6. Documents prepared by Moser Götze & Partner will be submitted to the client for consideration and comments. It is understood that the client will check the material and the technical accuracy of such documents. If the client does not inform Moser Götze & Partner to the contrary, Moser Götze & Partner will assume that the client has accepted the documents as correct and complete.

7. Moser Götze & Partner is entitled to engage a third party for carrying out the order or part thereof under the same secrecy requirements as apply to Moser Götze & Partner. Moser Götze & Partner shall choose such third party with all due care. Moser Götze & Partner is however not responsible for work carried out by a third party outside Germany or work carried out by a third party assigned by the client.

8. If the client wishes to claim that a service carried out by Moser Götze & Partner is incorrect or has caused damage to him, he shall inform Moser Götze & Partner accordingly within reasonable time after he has noted or ought to have noted the error. A complaint must however be made no later than one year after the service comprised by the complaint was terminated. If the client suffers an economic loss due to negligence of Moser Götze & Partner, Moser Götze & Partner shall compensate for such proven loss up to a maximum amount corresponding to EUR 10,000,000 (ten million Euros). Moser Götze & Partner holds a liability insurance amounting to said maximum amount. If the client wishes higher insurance coverage, he must announce such before commencement of handling the case and the client shall bear the costs for such. Moser Götze & Partner is not liable for the completeness of conducted searches, especially for the third party databases used.

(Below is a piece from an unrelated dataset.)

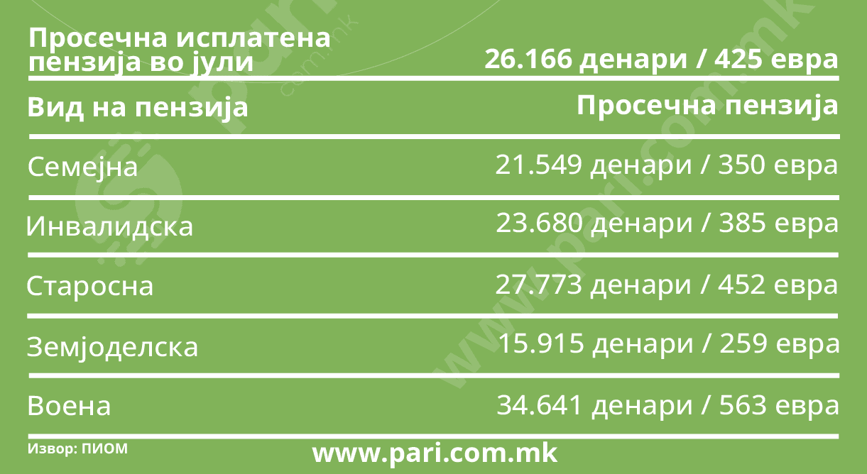 Во јули просечната старосна пензија изнесува 452 евра, инвалидската 385 евра, а семејната 350 евра. Вообичаено, најниски се земјоделските пензионерски примања (259 евра), а највисоки воените 563 евра.

9. All communications will be sent to the address as last stated by the client. If Moser Götze & Partner is unable to reach the client because he has not properly informed of a change of address, Moser Götze & Partner will not take any steps to find out the new address. Moser Götze & Partner is not liable for a case which has lapsed in consequence thereof.

10. In addition to these general conditions the German Patentanwaltsordnung (German Patent Attorney Bar Association rules) and the guidelines for the profession of the German Patent Attorneys shall apply.

11. The inadmissibility or impossibility of one or several of these general terms and conditions does not affect the validity of the other terms and conditions. In this case each party can ask for a regulation that comes close to the economic purpose of the inadmissible or impossible regulation.

12. Any dispute arising between the client and Moser Götze & Partner shall be settled before the regional court of Düsseldorf, Germany. German substantive law is applied to these General terms and conditions.